Over the last four years, the local Consumer Claims Tribunal has been kept busy, adjudicating a total of 173 cases at 133 sittings.
This was revealed today by the Registrar of the Consumer Claims Tribunal, Wayne Best, who pointed out that of the 173 cases heard during the period November 2003 to October 2007, some 129 had been resolved. Fifty one of those cases were heard this year.
He further disclosed that of the 129 cases resolved, 112 consumers had received redress in the form of cash awards, totalling some $170, 412.16, while 17 consumers had their products either repaired or services completed. According to Mr. Best, consumers should use the Tribunal as a last resort for seeking redress for claims under $10,000.
“Where an individual has a complaint about a product or service, he must first take that complaint to the supplier. If the supplier fails to acknowledge or handle the complaint, a report should then be made to the Office of Public Counsel. From there, the office mediates on your behalf, and if a settlement cannot be reached, then and only then is the case brought before the Tribunal to be heard,” he explained.
The Consumer Claims Tribunal was first introduced in November of 2003, under the Consumer Guarantees Act, and serves to protect the rights of consumers.
The most recent decision of the Tribunal was the case of consumer vs. a leading department store, which generated great interest in the business community, as it had implications for all businesses conducting hire purchase arrangements.

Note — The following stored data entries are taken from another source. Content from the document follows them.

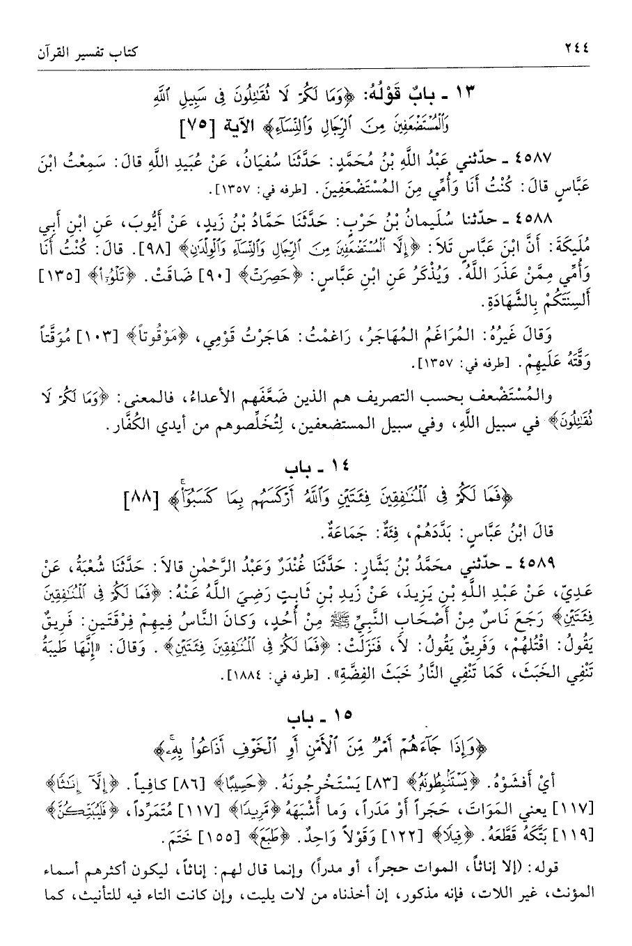 4587 - حَدَّثَنِى عَبْدُ اللَّهِ بْنُ مُحَمَّدٍ حَدَّثَنَا سُفْيَانُ عَنْ عُبَيْدِ اللَّهِ قَالَ سَمِعْتُ ابْنَ عَبَّاسٍ قَالَ كُنْتُ أَنَا وَأُمِّى مِنَ الْمُسْتَضْعَفِينَ. أطرافه 1357، 4588، 4597 - تحفة 5864، 5868 أ
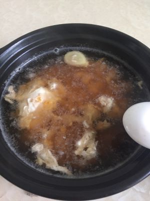 水块开的时候加入甜白酒,不知道你们叫什么。这东西甜着呢,我放了两勺,你们喜欢吃的可以多放一些哦。然后关小火,打鸡蛋进去!不要翻动它~
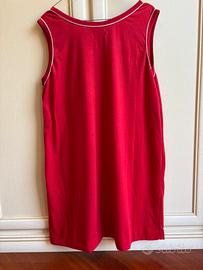 Vestito rosso con stampa davanti 80 % cotone 20 % viscosa Lunghezza 89 cm Larghezza seno 51 cm Larghezza fondo 57 cm Donna io Taglia xxl Come nuovo

That case dealt with the refund available to the consumer, under a hire purchase agreement, where a defective good was returned to the supplier. The particular consumer won her case and claim, in the amount of some $3, 729.52.
The Registrar of the Consumer Claims Tribunal noted that the most complaints brought before the Tribunal during the period November 2003 to October 2007 were about house building and repairs, and motor vehicle purchases and repairs.
Other complaints ranged from the purchase of an unhealthy dog, and failure of a restaurant to provide entertainment at a reasonable time, to a case of a cancelled credit card by a bank, where the client suffered great financial loss as a result.
Mr. Best who is also the Senior Legal Assistant, in the Department of Commerce at the Ministry of Commerce, Consumer Affairs and Business Development, is encouraging small businesses to be aware of their eight obligations under the Consumer Guarantees Act. Consumers are also encouraged to ‘know their rights’.
Copies of the Act can be obtained from the Government Printery, while information on the Tribunal can be viewed at www.commerce.gov.bb under the section, consumer claims tribunal.